No helmet, practice apparatus, or helmet pad can prevent or eliminate the risk of concussions or other serious head injuries while playing sports. Researchers have not reached an agreement on how the results of impact absorption tests relate to concussions. No conclusions about a reduction of risk or severity of concussive injury should be drawn from impact absorption tests. Guardian has always stood by the fact that Guardian Caps reduce the impact of hits and that its use should be one piece of the puzzle to an overall safety strategy.
The NFL has mandated the use of Guardian Caps since the 2022 preseason. The league reported a 52% reduction in concussions for those positions during the mandated period versus the previous three-year average.

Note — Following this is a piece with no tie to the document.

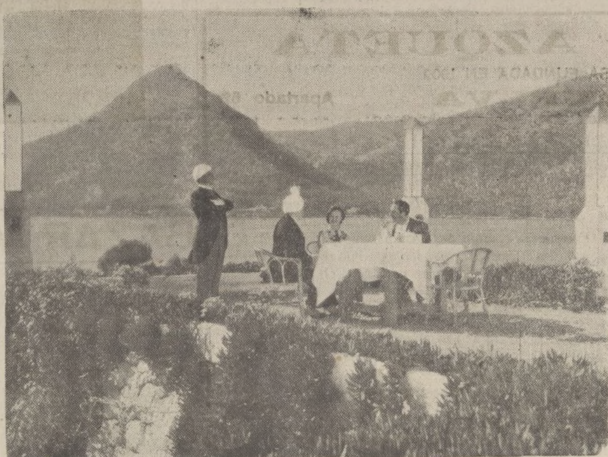
Un plano de «Rataplán», la película dirigida por Paco Elías para la editora valenciana Cifesa.

Here is one expert’s view prior to the NFL mandate:
“Dr. Kristy Arbogast is a concussion research specialist who has spent the past six years as an NFLPA consultant on injury prevention. She also is the director of the injury and prevention research center at the Children’s Hospital of Philadelphia with a focus on sports concussions for children.
She said the Guardian Cap is one of many layers — from reduced padded practices to improved helmet design to rule changes such as penalizing helmet-to-helmet contact — that have been introduced to help reduce concussions.
“We really do think it’s a meaningful part,” Arbogast said of the Guardian Cap. “We wouldn’t have recommended it to head coaches if we didn’t. Can I give you a number that it’s going to reduce five concussions? No.”
But Arbogast is optimistic the cap can help. “It’s been clear for several decades that acceleration, either linear or rotational acceleration, is what leads to brain injury,” she said. “What we’ve shown with these helmet covers is that it can reduce the amount of acceleration. We believe that will be better. It surely is not going to make it worse.”